◆ Work required
Copy task. Retype the whole listing exactly, omitting any picture in it.

◆ Data for review
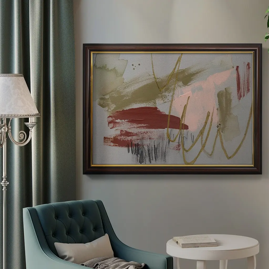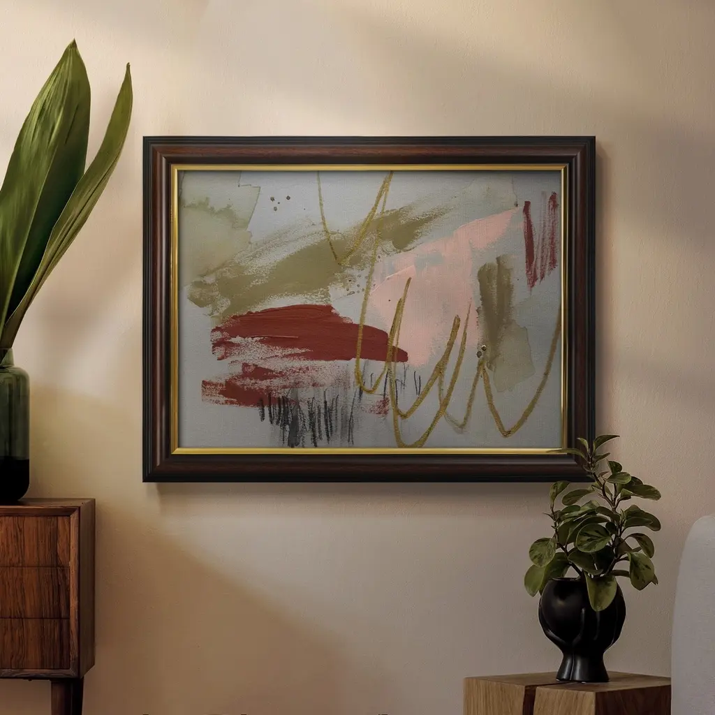 Scribbles & Paint I Premium Framed Canvas- Ready to Hang A Premium Framed Canvas created to last. Framed in distressed wood and available in an array of sizes and colors Featuring a beveled a solid wood stretcher bar, each piece comes ready to hand 3 SIZES AVAILABLE 16''X20'' - Overall Size 18'X27'' - Overall Size 24''x36'' - Overall Size Each piece is made to order. Each piece comes with hanging hardware. Made in the USA Ready to Hang Giclee Paper Print Acrylic Glass Beveled Matt Board
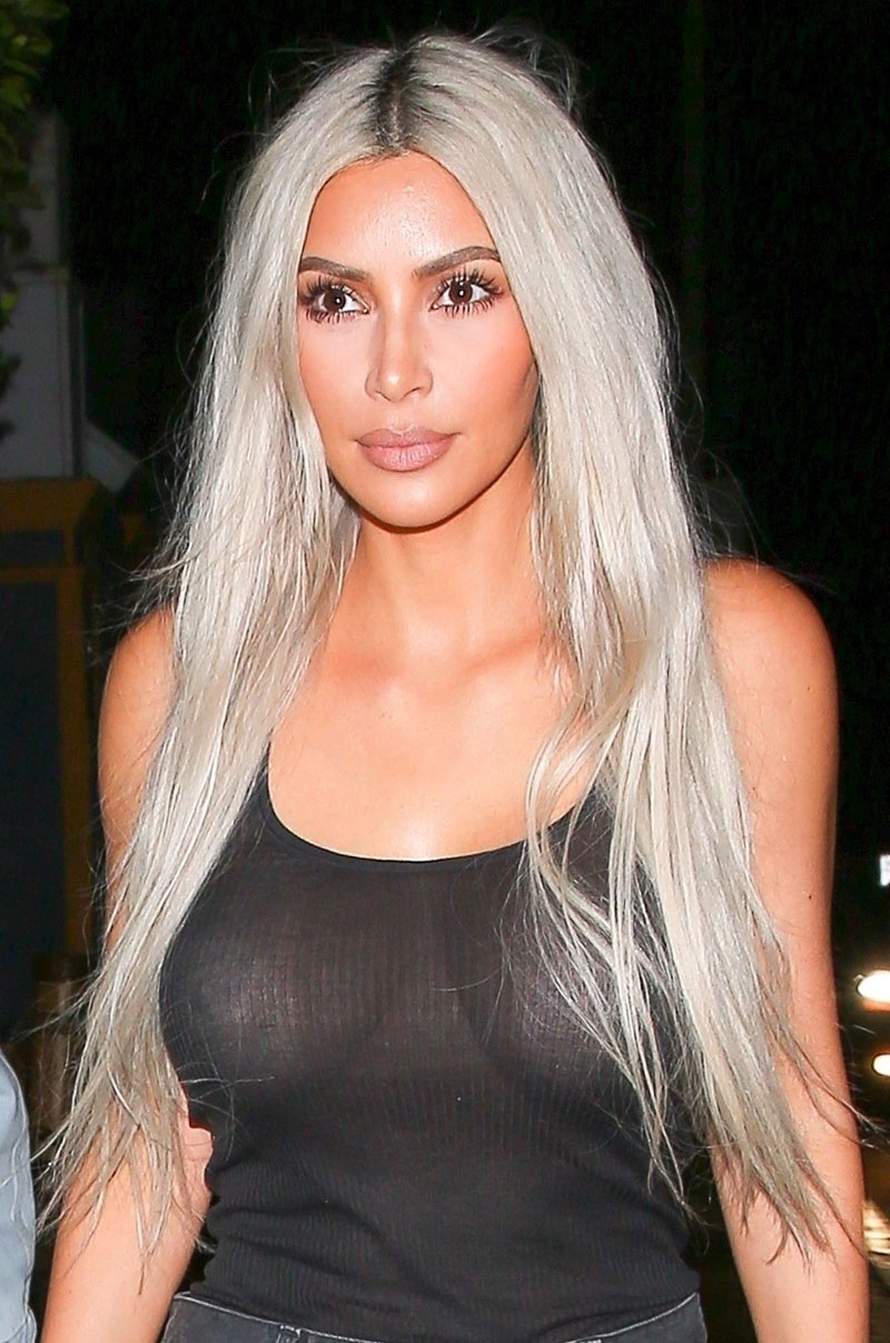 A Blonde Kim Kardashian Braless in See Through Black Wifebeater
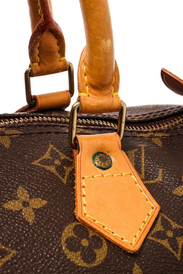 Louis Vuitton Brown Monogram Canvas Leather Speedy 30 Satchel Bag. All available information is listed in the description and shown in the photos. Louis Vuitton Brown Monogram Canvas Leather Speedy 30 Satchel Bag with brass hardware, dual rolled leather top handles, leather trim embellishment, canvas lining & single interior pocket, zip closure at top. Height: 10" Width: 10.25" Depth: 7.5", Handle Drop: 4.5" / 25.4 x 26.03 x 19.05 cm
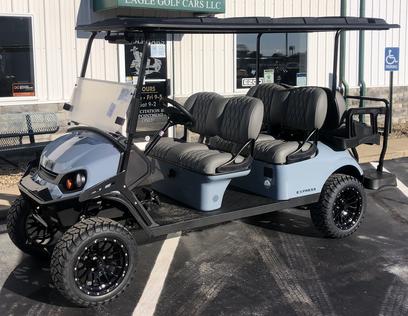 Ocean Grey, Signature Tundra Grey Seats, LED Hi/Lo Beam Headlights, Taillights, Brake Lights, Horn, Gas Gauge, Brush Guard, Windshield, Mirror, 4" Lift, 6 Passenger w/Rear Flip Seat w/Trunk, Glove Box Door, Premium Steering Wheel, 116" Black Top, 23" Paramount Tires on 14" Black Aluminum Rims, 13.5hp Kawasaki Engine, & 2 Year Warranty
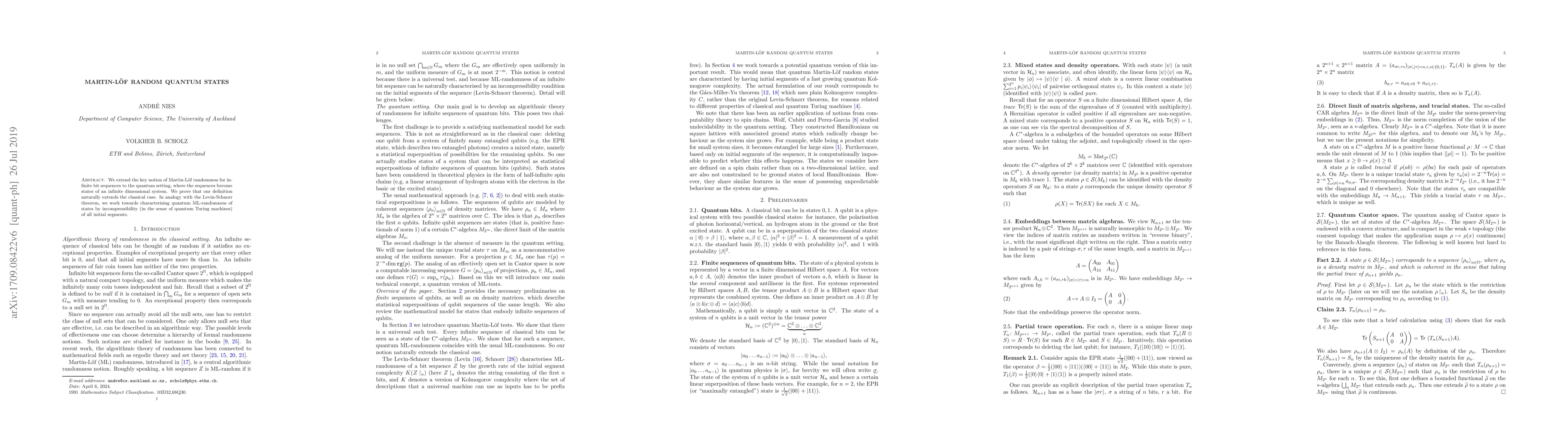 This paper extends the concept of Martin-Löf randomness from classical bit sequences to quantum states, aiming to characterize quantum ML-randomness through the incompressibility of all initial segments, analogous to the Levin-Schnorr theorem.

◆ Expected answer
 Scribbles & Paint I Premium Framed Canvas- Ready to Hang A Premium Framed Canvas created to last. Framed in distressed wood and available in an array of sizes and colors Featuring a beveled a solid wood stretcher bar, each piece comes ready to hand 3 SIZES AVAILABLE 16''X20'' - Overall Size 18'X27'' - Overall Size 24''x36'' - Overall Size Each piece is made to order. Each piece comes with hanging hardware. Made in the USA Ready to Hang Giclee Paper Print Acrylic Glass Beveled Matt Board
 A Blonde Kim Kardashian Braless in See Through Black Wifebeater
 Louis Vuitton Brown Monogram Canvas Leather Speedy 30 Satchel Bag. All available information is listed in the description and shown in the photos. Louis Vuitton Brown Monogram Canvas Leather Speedy 30 Satchel Bag with brass hardware, dual rolled leather top handles, leather trim embellishment, canvas lining & single interior pocket, zip closure at top. Height: 10" Width: 10.25" Depth: 7.5", Handle Drop: 4.5" / 25.4 x 26.03 x 19.05 cm
 Ocean Grey, Signature Tundra Grey Seats, LED Hi/Lo Beam Headlights, Taillights, Brake Lights, Horn, Gas Gauge, Brush Guard, Windshield, Mirror, 4" Lift, 6 Passenger w/Rear Flip Seat w/Trunk, Glove Box Door, Premium Steering Wheel, 116" Black Top, 23" Paramount Tires on 14" Black Aluminum Rims, 13.5hp Kawasaki Engine, & 2 Year Warranty
 This paper extends the concept of Martin-Löf randomness from classical bit sequences to quantum states, aiming to characterize quantum ML-randomness through the incompressibility of all initial segments, analogous to the Levin-Schnorr theorem.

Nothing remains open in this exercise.